Frequency weights indicate how many cases in the population a given observation represents.
Sampling weights indicate the probability (sometimes the inverse of the probability) of an observation being sampled. This example from this document is very clear:
[Assume] the population was divided in two clusters, rural and urban areas. Half of the urban population was interviewed while only one tenth of the rural population was interviewed. We can see it as follows: one individual interviewed in an urban area represents 2 people while an individual interviewed in a rural area represents 10 persons. In order to take this into account, each observation will be weighted by the inverse of its probability of being sampled: each rural area observation will receive weight 10 and each urban area observation will receive weight.
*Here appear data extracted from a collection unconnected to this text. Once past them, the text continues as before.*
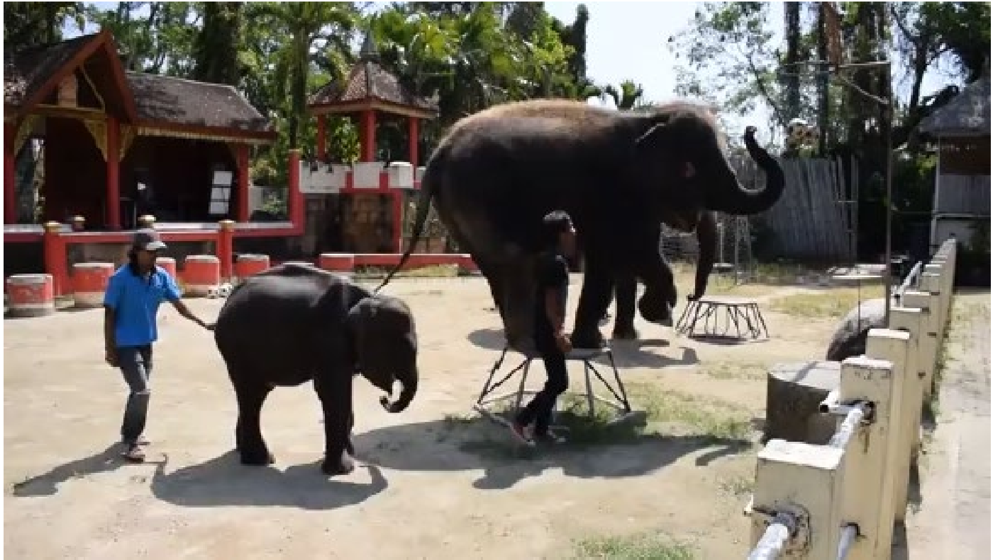
Elephants 'dance' to rave music played instruments and use hula-hoops after training with painful bullhooks.
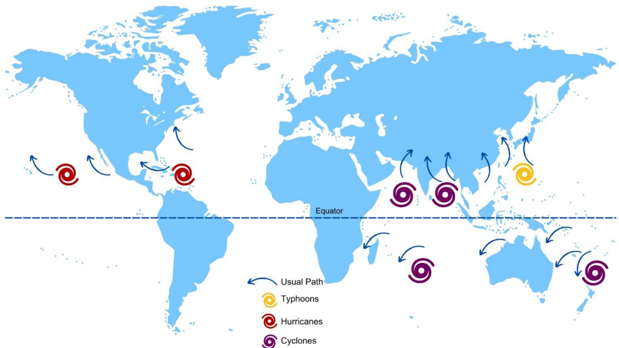
Figure 1: Tropical storm names according to their location

Hurricanes (North Atlantic and Northeast Pacific Oceans), like cyclones (South Pacific and Indian Oceans) and typhoons (Northwest Pacific) are large tropical storm systems characterised by high wind speeds (exceeding 119 km/h or 74 mph) and heavy rainfall. These storms are typically 806km (500 miles) wide and 16 km (10 miles) high.
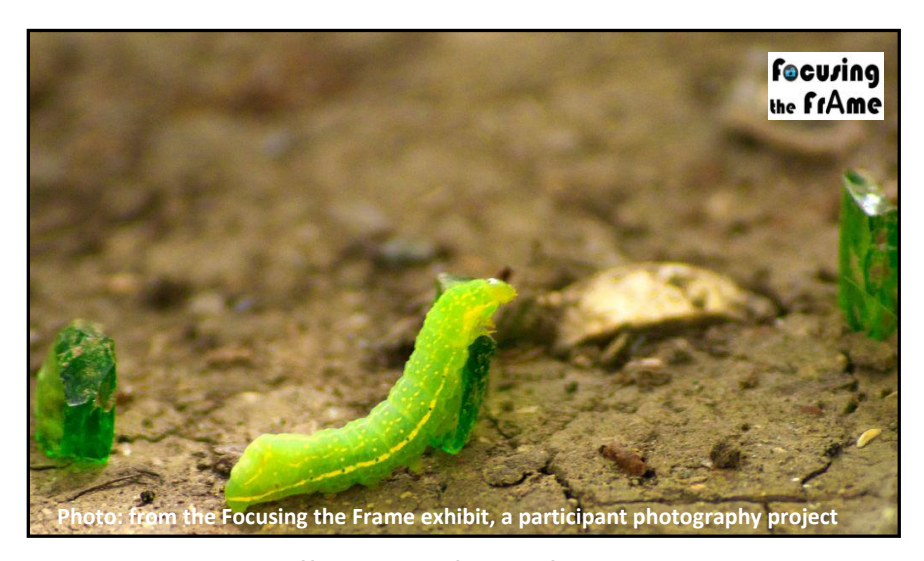
Caterpillars - Bridging the Gap

We hope that these early reports have given readers a sense of the scope and depth of the learning that has accrued over the course of this project as the many different players have tackled the daunting tasks associated with implementing it. The creativity and dedication behind the activities described in the early finding reports are typical of much of the work to date. Still, much of the knowledge that has been compiled cannot be captured in pictures, words and reports. It will always reside within the hearts and minds of those who have been involved. As we move forward we hope that the skills and wisdom that have developed will be an ongoing resource for those who want to improve the circumstances of those who are homeless and living with mental health issues.
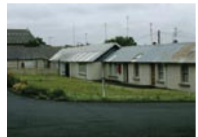
Harbour Company offices.

So, in the example above, the sampling weight will be 2 for the urban individual and 10 for the rural individual. But, if we have a sample of both urban and rural individuals, in order to construct the whole population out of them, we would use frequency weight which are exactly the same as those in the sampling weights, i.e. 2 and 10. Thus, we could simply treat sampling weights are frequency weights. Mathematically, if you were to compute the population average of a given variable, the result would be the same, of course. (The document linked, referring to Stata, says that "Point estimates will be estimated in the exact same way", so Stata treats them identically, for point estimates, of course).
But, is this valid? And can we do the reverse, i.e. treat frequency weights as sampling weights? Following the same logic, you can argue that if one individual represents 2 and other 10 individuals in the population, then this is equivalent as if sampling was clustered/stratified. Or not?